On first watching The Act of Killing I just wanted to know more. I watched the bonus features and listened to the comments, but I searched for additional material, and found some Youtube interviews. Those were good, but there was another clip that came up with a title that sounded like it might be related:
Well, not exactly. This was an interview with an author who had studied psychology and the military and violence. The interview was from 1996, so would have been related to his book On Killing: The Psychological Cost of Learning to Kill in War and Society, published in 1995.
I know some people will not appreciate his comments about movies and video games, and I didn't even notice that the first time through. What really struck me was the change in percentage of who was shooting to kill.
In past conflicts, a lot of people who participated in battles were not really trying to kill anyone. Some were, and succeeded, and with less advances in medical care they could be fairly effective, but still, a lot of people who probably thought they would be able to kill the enemy would get out on the battlefield and find they were wrong.

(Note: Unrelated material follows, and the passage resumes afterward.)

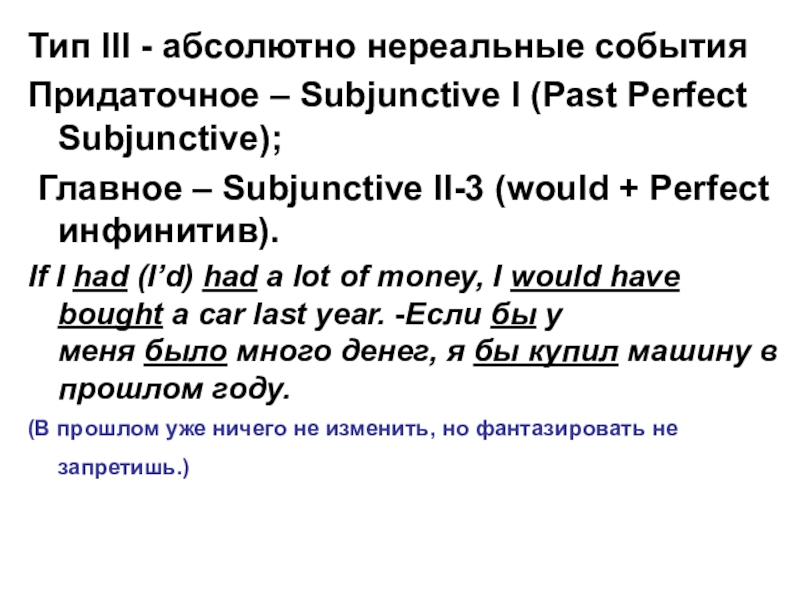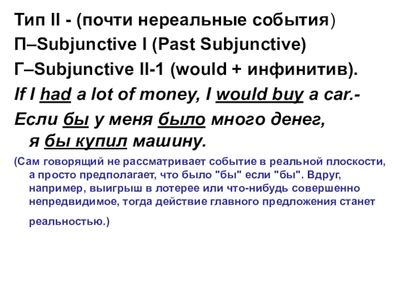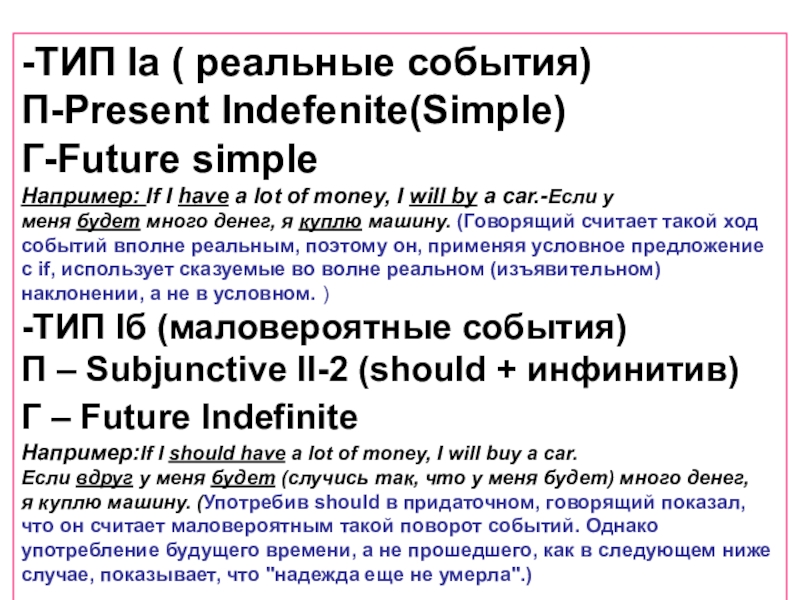 lot of money, I will by a car.-Если у меня будет много денег, я куплю машину. (Говорящий считает такой ход событий вполне реальным, поэтому он, применяя условное предложение с if, использует сказуемые во волне реальном (изъявительном) наклонении, а не в условном. )

The military used operant conditioning and classical conditioning to change this. One example is that targets for shooting practice were switched from a bulls eye to a silhouette. That was an early change; there are more sophisticated ones now. It was an evolving process, and you can trace that evolution pretty well.
- World War II - 15% shooting to kill
- Korea - 55%
- Vietnam - 95%
This reminded me of something, where I believe I may have been naive.
A few years ago I read Susan Brownmiller's Against Our Will: Men, Women, and Rape. One thing it talked about was military rape, and it turns out that it was a lot more common for our soldiers to rape people in Vietnam than in World War II. (I don't specifically remember if she wrote anything about Korea.)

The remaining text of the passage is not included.